Some fabric is the same on both sides (mostly solid colors, in standard weaves), but many patterns have a cutting layout planned for fabrics that are not. If you buy fabric that is the same you can sometimes get away with using less by rearranging the pieces that have to be mirror images of each other. You can also consider going in with a friend to make two similar shirts together for less than the price of two individual shirts.
For example, let’s say Adam buys three yards of red fabric for a shirt, bias tape to trim his sleeves and edges, and white fabric for a Septon's star on the front. Then I buy three yards of white fabric, bias tape to trim my sleeves, and red fabric for a Septon's star. Instead we could each buy almost the same amount of fabric, then use the leftover pieces from each other’s fabric (all those weird narrow edge pieces and triangles and such) to trim our shirts. Or if we want exactly the same shirt, two people buying the same fabric as one cut make out way better on percentage coupons, since one can buy fabric at a discount then the other can buy trim at a discount making the most use of their two coupons.
Plan on investing in good trim. Since it isn't structurally necessary there's no reason to scrimp on it. Nice trim and quality fasteners can really make your garb stand out. While it's usually easier to add your trim at once when you're making your garb, if you can't afford it, you can always finish the item, then after a game or two with a plain tunic (or pants), buy and add your embellishments to them.
If you're willing to trade a lot of time for a little money, you can also consider braiding your own trim for use as embellishments or ties from narrow ribbon or smooth, non frizzy yarn. (Do not ever try this with that artificial junk that preschoolers use for art, or I will come in the night for horrid costume designer vengeance.) Doing a braid with more than three strands is the key to making it look professional.

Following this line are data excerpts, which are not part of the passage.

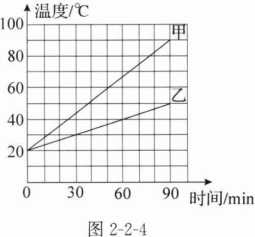 11. 在一个标准大气压下,用两个规格相同的酒精灯分别对甲和乙液体进行加热,其温度随时间变化的关系如图 2-2-4 所示。已知乙液体是水,那么质量为 500 g、初温为 20 ℃的乙液体吸收$ 2.1×10^{5} J $的热量,可使乙液体的温度升高
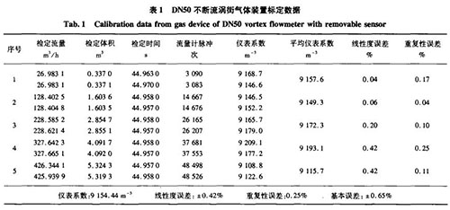 在實(shí)際標(biāo)定過(guò)程中,相同口徑的不斷流渦街與普通煤氣流量計(jì)在可測(cè)流量范圍、基本誤差、重復(fù)性等參數(shù)上基本一致,達(dá)到了設(shè)計(jì)和使用精度的要求。
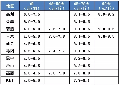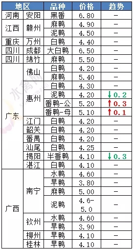| 广西 | 南宁(水鸭) | 4.60 | - |
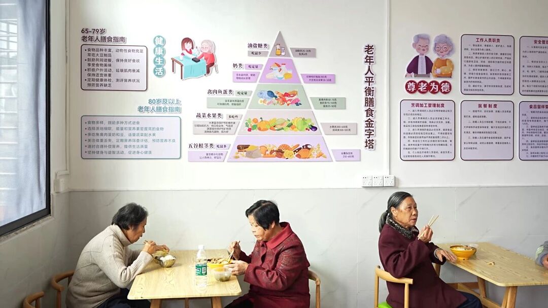 临近正午,老人们便陆续来到食堂,熟悉地打招呼、找座位。负责人谢民武一边热情地招呼,一边在登记表上认真记下每位用餐老人的姓名。在这里一顿营养午餐仅需3元,实惠又暖心。说话间,热气腾腾的饭菜已准备就绪,老人们围坐桌前,边吃边聊,饭菜的香气里满是幸福的滋味。
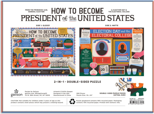 Dvojnásobná porcia! Obojstranné puzzle Vás zoznámi s cestou do prezidenstského úradu od primárok až k voľbám. Balenie obsahuje obrázok oboch motívov. Puzzle má rozdielny povrch - z jednej strany je lesklé, z druhej strany je matné pre ľahšie rozpoznanie motívov. Rozmer zloženého puzzle cca 61 x 46 cm
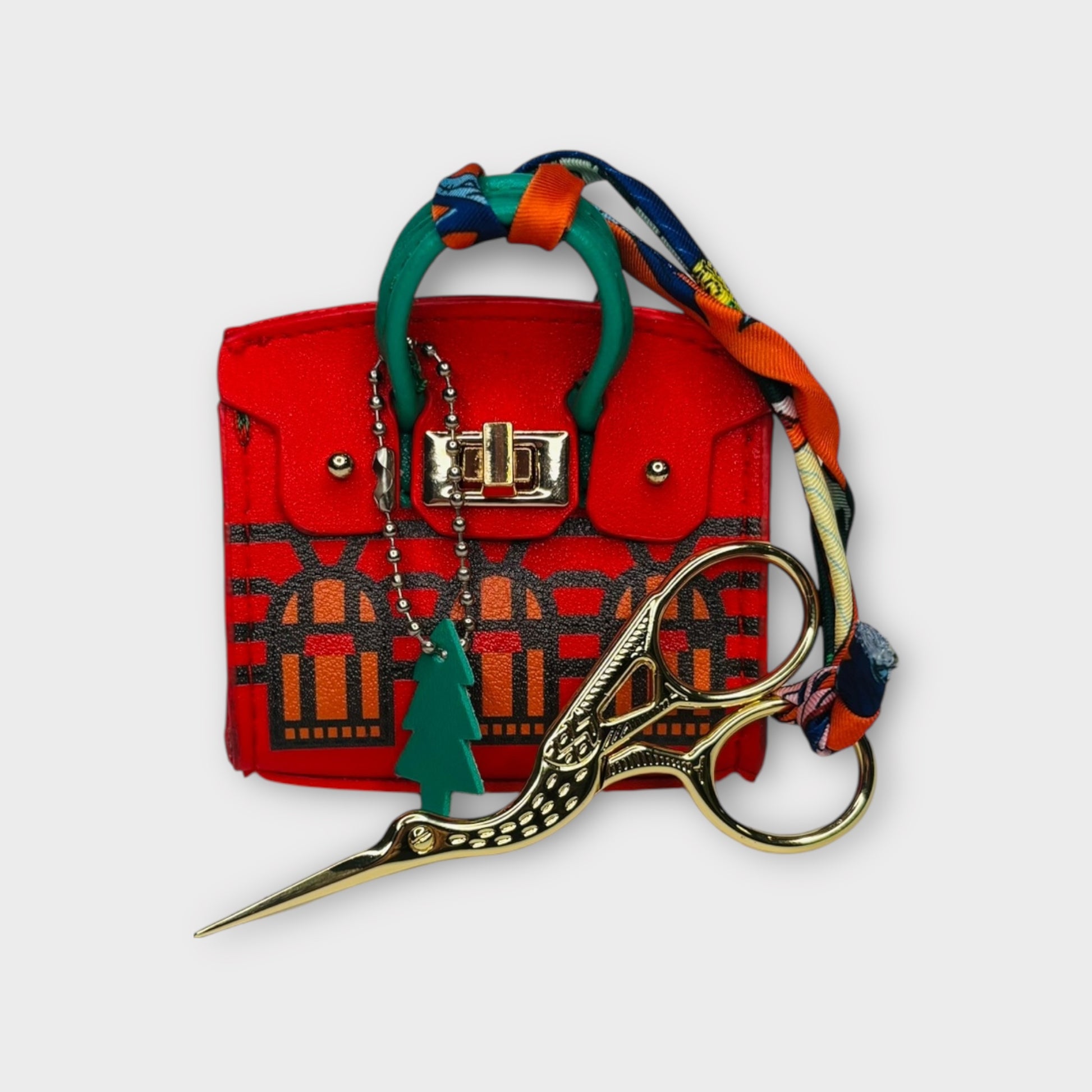 Christmas colored bag with miniature Christmas tree bag tag attached to gold crane scissors

Here's a good tutorial on how to start a braid with four strands and how to start a braid with five strands. The instructions for four work with all larger even amounts of string; the instructions for five work for all larger odd numbers. Finish your ends by beading or whipping (as well as a little judicious melting on synthetics) and your cording will look even more rich.
Sew a plain or braided cord on in a fancy way and you can make even simple trim look ornate. The ties on Delia's robe are all five strand braided cord made with cotton yarn, sewn on with loops instead of straight.
Other places to try.
Material for props and accessories can sometimes be found here. Good for cheap chain, many sorts of repurpose-able metal things, and dowels for rods and wands.
The dollar store often has deals on leftover colors of ribbon (white, beige, grey, or electric green anyone?), those glass blobs and plastic gemstones, and oddly colored shoelaces you can use as drawstrings. Keep an eye on their holiday merchandise. A lot of hideous items have good parts you can break off and use for cheap.
One last thing: Don't give up on your 'failures'. If your work isn't coming out how you want make something else. There may be a perfectly good cloak hiding in that ruined skirt, or robe in that ill-fitting tunic. If it's already unwearable and ruined, there's no reason not to try.